Journal - Abstracts vol.13 nr.1 (2009)
- J. W. R. Whitehand, The structure of urban landscapes: strengthening
research and practice
Methods of articulating the historico-geographical structure of urban landscapes are fundamental to urban morphology and have considerable, but insufficiently recognized, potential in planning. M. R. G. Conzen made a major contribution to their development, notably between the late 1950s and the late 1980s. He demonstrated in traditional British towns and cities how the way in which the urban landscape is historically stratified, reflecting the distinctive residues of past periods, gives rise to a hierarchy of morphological regions or urban landscape units. In the past 20 years, there have been applications and adaptations of Conzen’s methods, and demonstrations of their potential in conservation and heritage planning, in other types of urban areas and other parts of the world, including the Far East. However, it is essential that urban morphological regionalization is grounded in sensitivity to the dynamics of the urban landscape and, especially in comparisons of different urban areas, that there is awareness of the level of resolution at which urban landscape units are delimited. Carefully applied, this method can make an important contribution to meeting a major challenge facing urban morphology today: the provision of sound bases for comparative research and its application in planning practice.
- Michael P. Conzen, How cities internalize their former urban fringes:
a cross-cultural comparison
Studies of urban fringe belts have multiplied in recent years, demonstrating the validity of this morphological concept in a variety of regions around the world. Yet there have been few direct attempts at a comparative assessment of the concept’s performance in the different cultural settings in which it has been applied. This paper seeks to contribute to this goal, by examining the fringe-belt structure of several cities drawn from contrasting urban cultural traditions in Europe and the New World. Not surprisingly, certain commonalities emerge, but there are also large differences in the number, scale, complexity, and even basic geometry of fringe belts apparent in this eclectic examination. These differences go well beyond simple explanations of site circumstances, size, and function of the city within the urban hierarchy, and result from essential contrasts in urban social values, property rules, and planning traditions. The analysis leads to speculations about the efficacy and limits of the fringe-belt concept to identify and account for variations in the texture of urban form across urban areas in diverse cultural contexts.

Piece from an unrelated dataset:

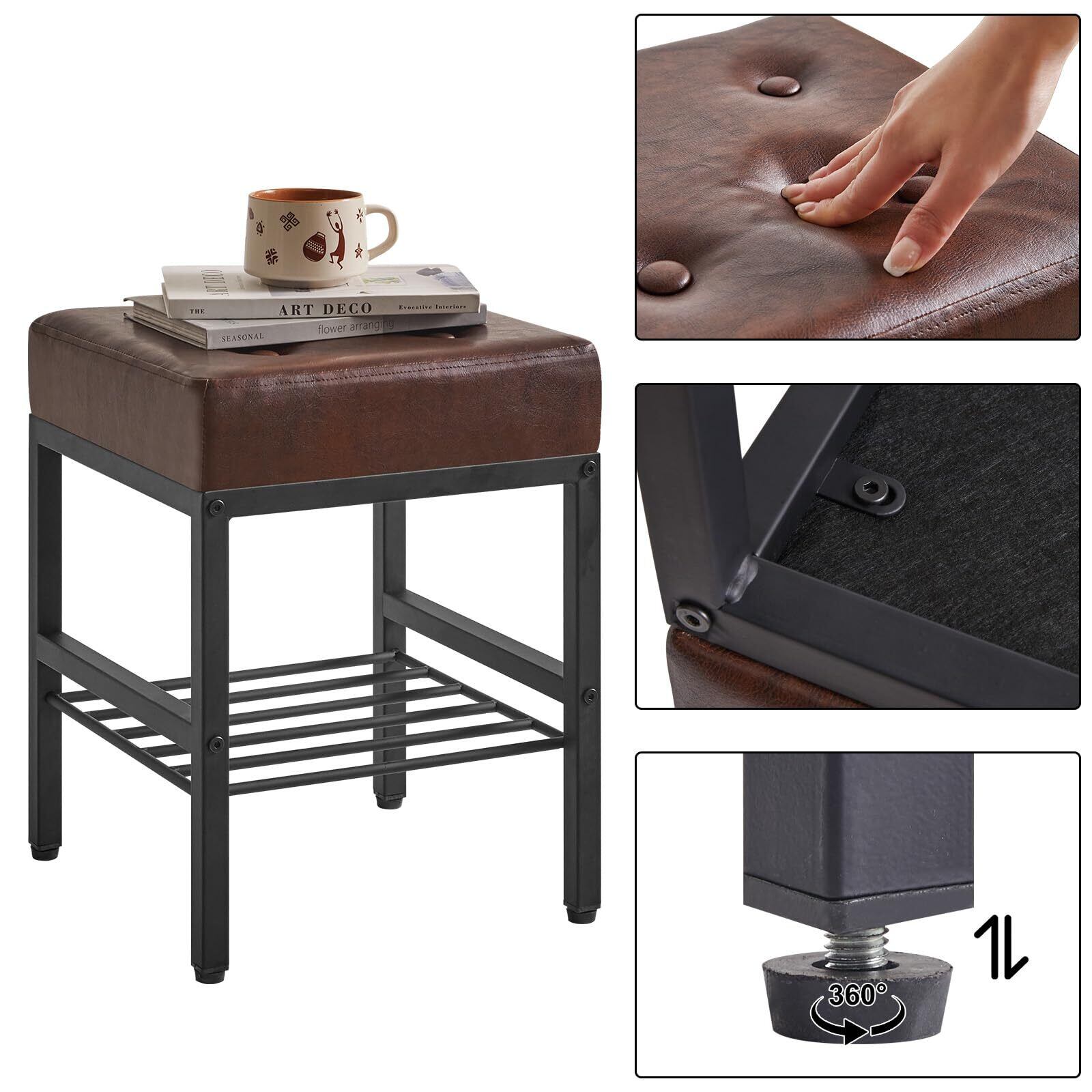 【在庫セール】IBUYKE スツール おしゃれ 椅子 多機能収納スツール 運搬便利 ダイニングチェア 足置き 滑り止め 大容量収納 耐荷重180kg PUレーザ 小物収納 リビング/玄関/寝室適用 ブラウン LG-60Z

- Hélène Noizet, Fabrique urbaine: a new concept in urban history
and morphology
The concept of fabrique urbaine can be described as a socio-spatial process of development of ordinary towns and cities. Practices and representations of the residents and other users of urban areas must be first analysed as a series of historical moments, which may be termed ‘social temporalities’. Then the spatial structure of the town, especially its plots, the aggregation of plots into street blocks, and the street system, can be precisely described, but with its own temporalities, and only as the final result of the history of the inhabitants. The link between social history and urban morphology is in important respects indirect: social temporalities are not conscious steps in the process of the development of the urban fabric. Nevertheless, there is a dialectical interaction between these two orders of facts. This method of articulating the historical development of urban areas is illustrated by studies of French cities.